Extracting Transcription Without Using input_audio.input_transcription in OpenAI API

toontown · March 11, 2025, 5:08am

Hi everyone,

I’m working with OpenAI’s real-time transcription API and noticed that input_audio.input_transcription provides the transcribed text. However, I want to extract the transcription using a different approach—without relying on this built-in property.

Are there any other event properties or API methods that can provide the transcribed text? Specifically, is there a way to get the transcription from the response object or another API event?

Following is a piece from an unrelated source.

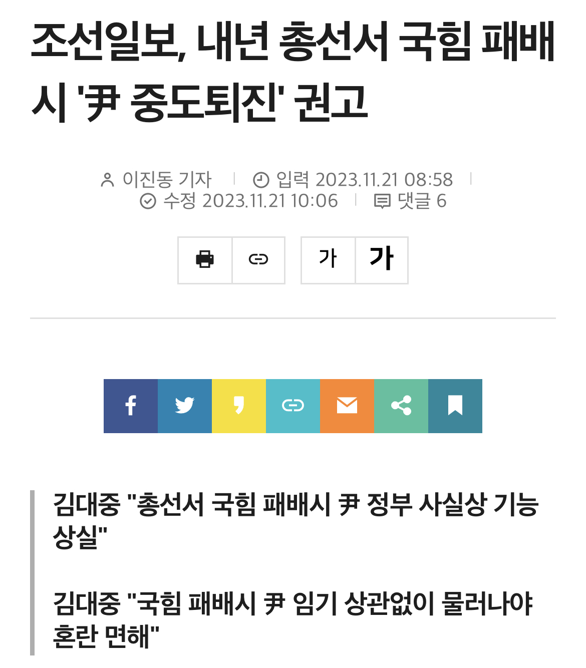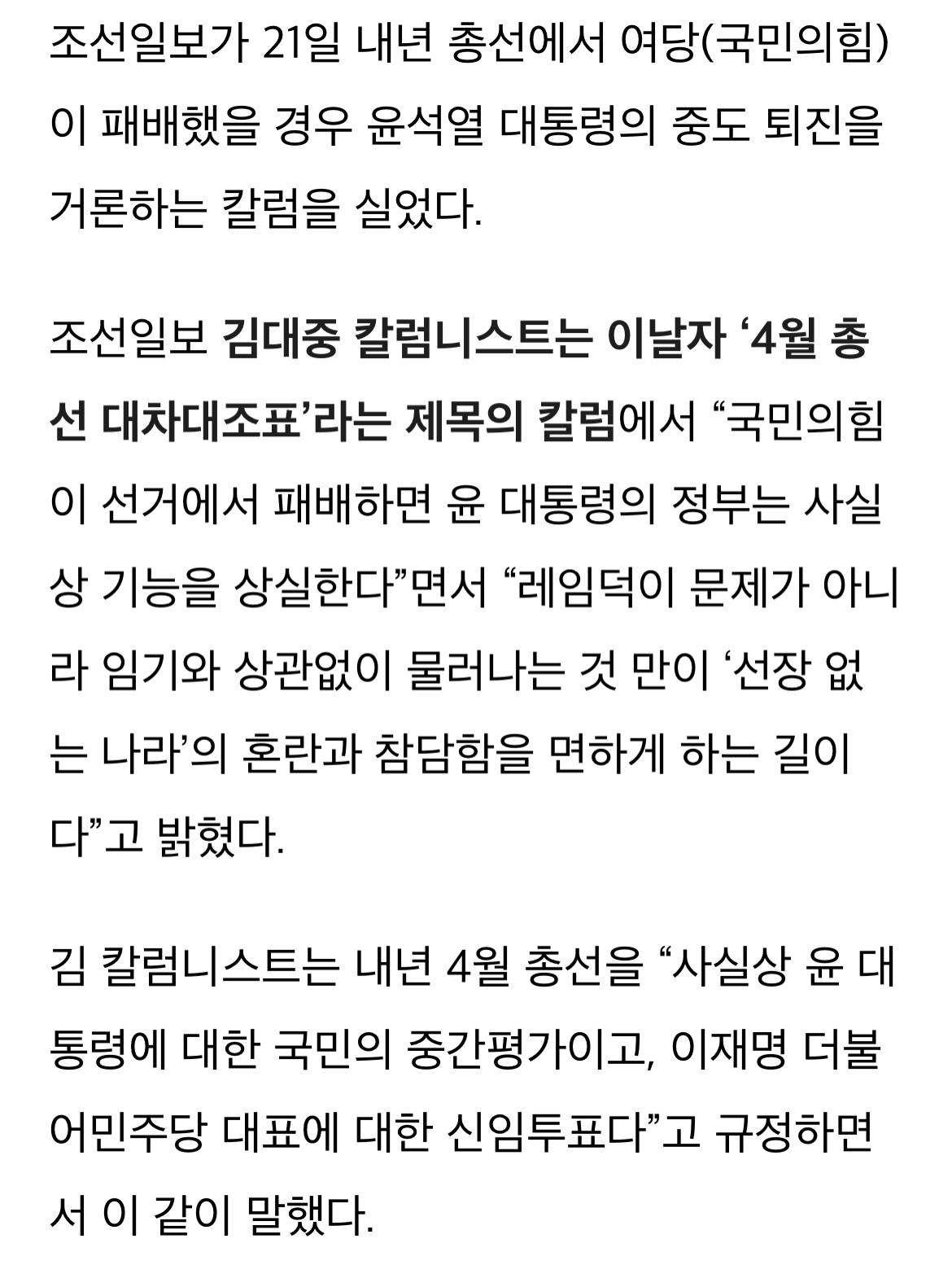 [정치]조선일보, 내년 총선서 국힘 패배시 '윤대통령 중도퇴진' 권고 작성자세단|작성시간23.11.21|조회수1,824 목록 댓글 18 글자크기 작게가 글자크기 크게가 https://www.newsverse.kr/news/articleView.html?idxno=4451 다음검색 현재 게시글 추가 기능 열기 북마크 공유하기 신고 센터로 신고 댓글 댓글 18 댓글쓰기 답글쓰기 댓글 리스트 작성자반박시 님말맞 | 작성시간 23.11.21 검찰공화국 위에 보수언론 작성자낭니 | 작성시간 23.11.21 ㅈㅅ 폐간도 권고하고 싶네 작성자루폴리 | 작성시간 23.11.21 부패수구세력 어셈블 작성자Saints | 작성시간 23.11.21 개웃기넼ㅋㅋㅋ 작성자최유리 | 작성시간 23.11.21 불가능함.. 윤이 망하면 이재명이 이긴다는 이야기인데 이재명은 조선일보 폐간시킨다고 했음.. 댓글 전체보기

Would appreciate any insights or alternative approaches!

Thanks!

Foxalabs · March 11, 2025, 5:19am

You could try storing the audio that gets sent and passing that to the whisper API directly, or to a 3rd party transcription service.

_j · March 11, 2025, 5:19am

Sure. OpenAI’s speech-to-text engine is called Whisper, and it has its own API endpoint, where you can send audio and receive a transcription, at a significantly lower price than audio inputs sent to GPT-4o-audio models (which are AI for actually doing more thinking and generating AI-powered chat responses.)

The transcription that you receive along with the realtime API response is actually powered by Whisper, using the AI’s generated speech as an input, so a separate call to Whisper will likely not be all that different in quality. You can also use Whisper for a transcript of what the user said as input, for presentation in a chat user interface.

toontown · March 11, 2025, 5:27am

I tried using whisper-1 but the accuracy is not that good even for english too the transcription is not that good so i am looking to get a good accuracy in transcription.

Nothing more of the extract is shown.